Low resource utilization
In most cases, GPU resources are planned based on traffic peaks, which leads to a significant amount of resources sitting dormant during off-peak hours. The resource utilization rate is generally lower than 30%.

Benefits of using Function Compute in real-time inference scenarios

GPU-accelerated instances in idle mode
Function Compute offers an idle mode feature for provisioned GPU-accelerated instances. If you want to mitigate cold starts and meet the low latency requirements of real-time inference workloads, you can configure provisioned GPU-accelerated instances with idle mode enabled. For more information, see Instance types and usage modes. This idle mode feature for GPU-accelerated instances delivers the following benefits:
- Quick instance wake-up: Function Compute freezes GPU-accelerated instances based on your real-time workloads, and automatically unfreezes them when there are incoming requests. Note that the unfreezing process takes two to three seconds.
- Cost-effective services: Measurement of the execution duration of instances in provisioned and on-demand modes varies. Provisioned instances in idle mode are billed at lower unit prices compared to active ones. For more information, see How am I charged for using a real-time inference service in Function Compute? While the overall cost of using provisioned GPU-accelerated instances in idle mode is higher compared to using on-demand instances, it is still over 50% lower than the cost of building GPU clusters in your on-premises environments.
Optimized request scheduling mechanism for inference scenarios
Function Compute provides a built-in intelligent scheduling mechanism to achieve load balancing between different GPU-accelerated instances within a function. This intelligent scheduling of Function Compute evenly distributes inference requests to backend GPU-accelerated instances, which improves the overall utilization of inference clusters.

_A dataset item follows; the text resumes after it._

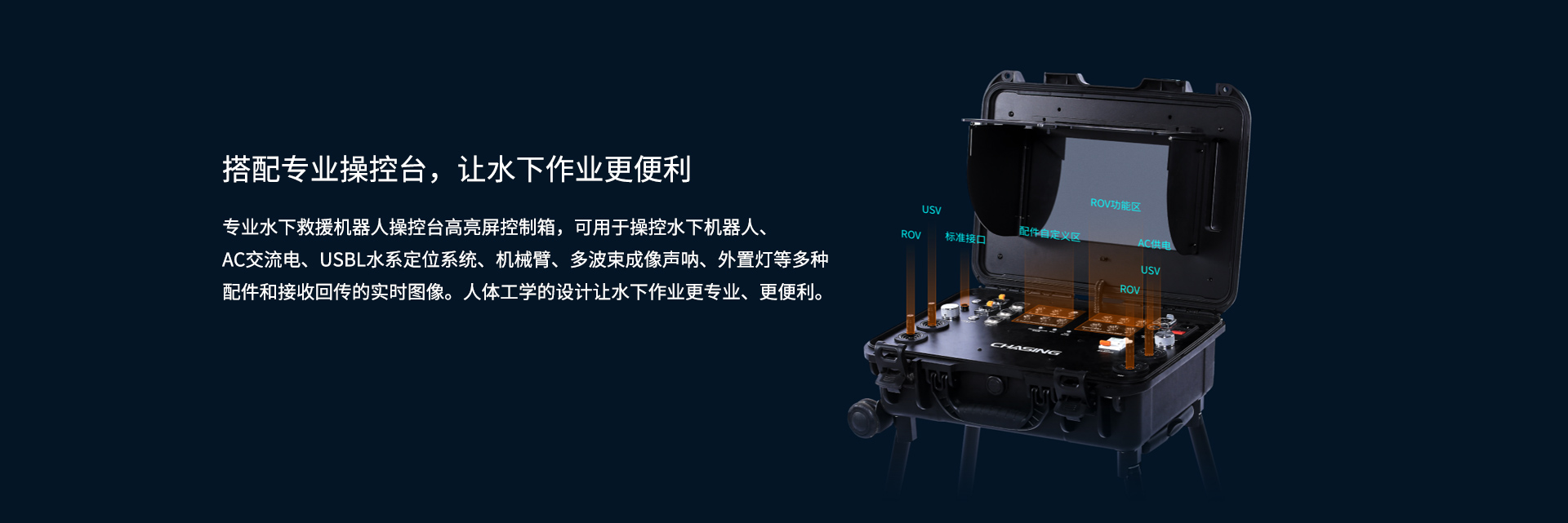 搭配專業(yè)操控臺(tái),讓水下作業(yè)更便利:專業(yè)水下救援機(jī)器人操控臺(tái)高亮屏控制箱,可用于操控水下機(jī)器人、AC交流電、USBL水系定位系統(tǒng)、機(jī)械臂、多波束成像聲吶、外置燈等多種配件和接收回傳的實(shí)時(shí)圖像。人體工學(xué)的設(shè)計(jì)讓水下作業(yè)更專業(yè)、更便利。

GPU-accelerated instances in idle mode

After a GPU function is deployed, you can use provisioned GPU-accelerated instances with idle mode enabled to provide infrastructure capabilities for real-time inference scenarios. Function Compute performs horizontal pod autoscaling (HPA) on provisioned GPU-accelerated instances, dynamically adjusting resources based on metric-based scaling policies and workloads. Inference requests are preferentially allocated to provisioned GPU-accelerated instances for processing. Provisioned instances help reduce cold starts, which allows your inference services to consistently respond with low latency.

Idle mode helps reduce costs

After you enable the idle mode feature, the billing for GPU-accelerated instances is determined by two separate unit prices: one for idle GPUs and another for active GPUs. Function Compute automatically collects statistics and charges fees based on the instance status.

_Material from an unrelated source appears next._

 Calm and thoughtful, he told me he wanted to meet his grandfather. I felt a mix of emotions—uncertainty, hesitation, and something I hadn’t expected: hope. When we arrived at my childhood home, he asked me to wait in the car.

In the example shown in the following figure, a GPU-accelerated instance goes through five time windows (T0 to T4) from creation to destruction. The instance is active in T1 and T3, and idle in T0, T2, and T4. The following formula is used to calculate the total cost: (T0 + T2 + T4) x Unit price of idle GPUs + (T1 + T3) x Unit price of active GPUs. For more information about the unit prices of idle GPUs and active GPUs, see Billing overview.

How it works

Function Compute implements instant freezing and restoration for GPU-accelerated instances based on advanced Alibaba Cloud technologies. When a GPU-accelerated instance is not processing requests, Function Compute automatically freezes the instance and charges you based on the idle GPU unit price. This mechanism optimizes resource utilization and minimizes costs. When a new inference request arrives, Function Compute activates the instance to seamlessly execute the request. In this case, you are charged based on the active GPU unit price.

This process is completely transparent to users and does not affect user experience. At the same time, Function Compute ensures the unwavering accuracy and reliability of your inference service even when the instance is frozen, providing users with stable and cost-effective computing capabilities.

Activation duration of idle GPU-accelerated instances

The duration to activate idle GPU-accelerated instances varies based on workloads. The following table lists the durations in typical inference scenarios for your reference.

Inference workload type	Activation duration (seconds)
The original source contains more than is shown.